If God is going to shake up his people, it has to happen inside the Church.

Recently, God has shown me that whenever a righteous king took over the thrones of Israel and Judah, two things happened:

  • The heathen idols and temples were torn down.
  • The broken-down things of God were raised up again.

I think that the Church in America has to start tearing down idols and getting back to the “main and the plain” in living out Christ’s life as believers in the 21st Century.

I believe there are a few idols that must immediately go:

1. Psychology
Psychology and Christianity are worldviews. Each has its own set of knowledge and practice. Both attempt to explain how people live. Only one leads to salvation.

Psychology attempts to build up the Self. Christianity deems the Self utterly corrupt and worthy only of death. This is the whole point of the cross. When a person comes to Christ, he crucifies the Self and let’s the Lord give him a new Self, a justified Self, a heavenly Self.

Disciples of modern psychology have overrun the Church, bringing us to a point where psychological theories have equal weight with Scripture. Our sermons are inundated with this syncretistic nonsense.

Transactional Analysis, the Human Potential Movement, B.F. Skinner, Carl Jung – we don’t need that so-called wisdom. We need Jesus. Please pastors, give us a revelation of Jesus! If knowing Jesus is eternal life itself, why are we getting so much Henry Cloud and so little Jesus Christ?

2. Cultural Relevancy
When the Spirit of God departs the temple, we compensate by saying, “Wow! Look at all the fancy gold things in here!”

Our churches have compensated for a lack of true, Spirit-filled preaching, worship, and community by shifting everything to be “culturally relevant”, hoping that by being as hip as the world, no one will notice what is missing.

Instead of being the counter-cultural people that will be hated by popular culture, we have assimilated that debased culture so effectively that we no longer have anything to say to the lost. We look just like what we are supposed to flee.

3. Seeker-Sensitivity
Here is a simple translation of “Seeker Sensitivity” – take the Gospel and remove the difficult parts (like the cross), promote a Jesus that asks nothing of anyone, mix in a man-centered “theology,” some sort of media overload, topical preaching based on tidbits of Bible verses taken from a hundred different translations, and messages that are three points and a conclusion (because we all know that is how the Spirit speaks.)

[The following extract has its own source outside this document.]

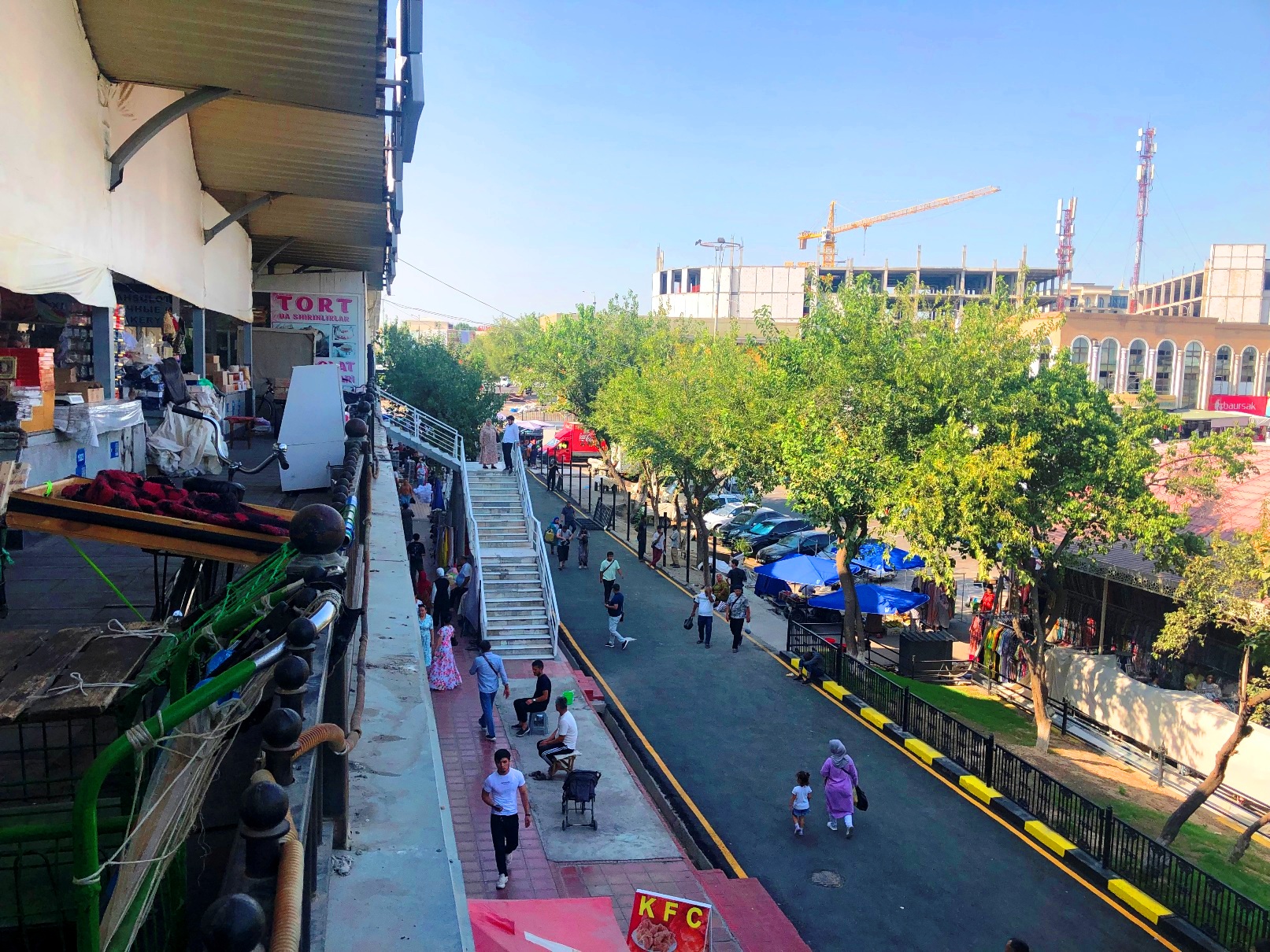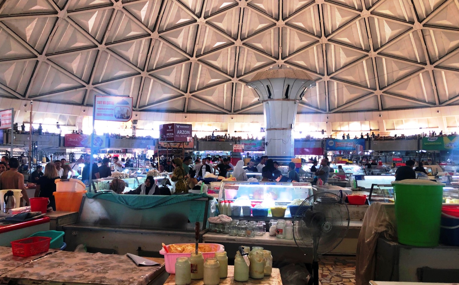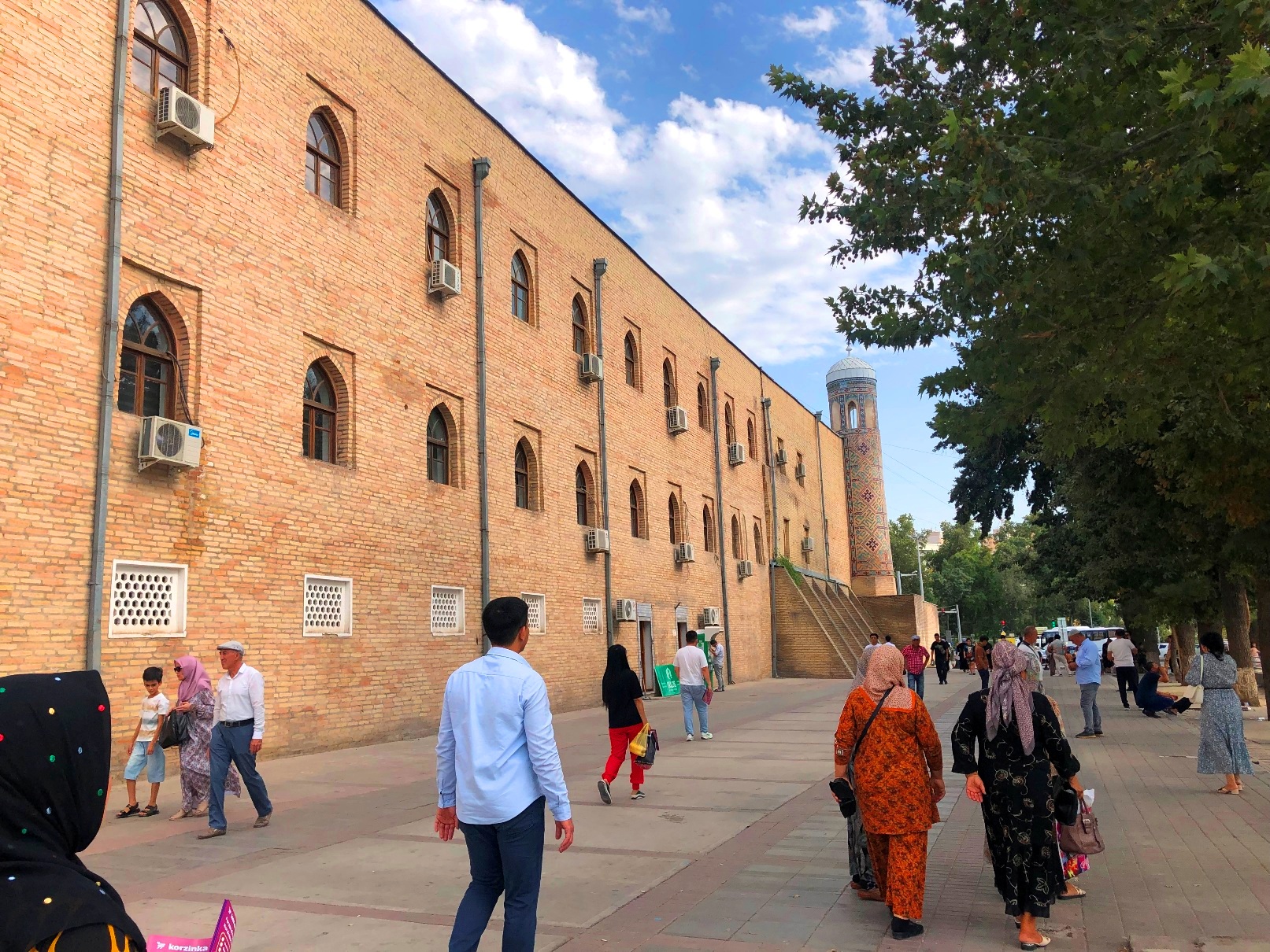 市場のあるところ神が宿る。チュルスー・バザールに隣接して、タシケント最古のホジャ・アフル・ヴァリー・モスク(一般には「ジュマ<金曜>モスク」)と神学校クカルダシュ・メドレセがある。日本でも市場は寺社のそばに立つ。ヨーロッパ中世都市の中心にも市場と大聖堂が立つのが常。単に、祈りの場に人が多く集まるから、というだけでなく、市場と神には何らかの深い関連があるように思われる。

What you wind up getting is a “seeker” who never really gets a chance to meet the real Jesus, never understands the Bible, never learns how to let the Spirit lead, and never comes to the cross. In short, there is good reason to believe that this seeker, when he/she makes a profession of faith, perhaps is not putting their faith in Jesus, but in some manmade, syncretistic illusion of Jesus. Perhaps we are making them far more a child of Hell than they were when they walked into the church building.

The best way to be seeker-sensitive is to preach the full Gospel and not try to make it palatable. If we truly believe that the Spirit guides into all truth, then we must rely on the Spirit to work in the life of the seeker and not second-guess the Spirit’s ability to truly work conversion. The best way to be seeker-sensitive is to be utterly counter-cultural and let seekers see that we are the peculiar people, people who have rejected the debauched culture of our day and taken on a new culture: that of the Lord of All.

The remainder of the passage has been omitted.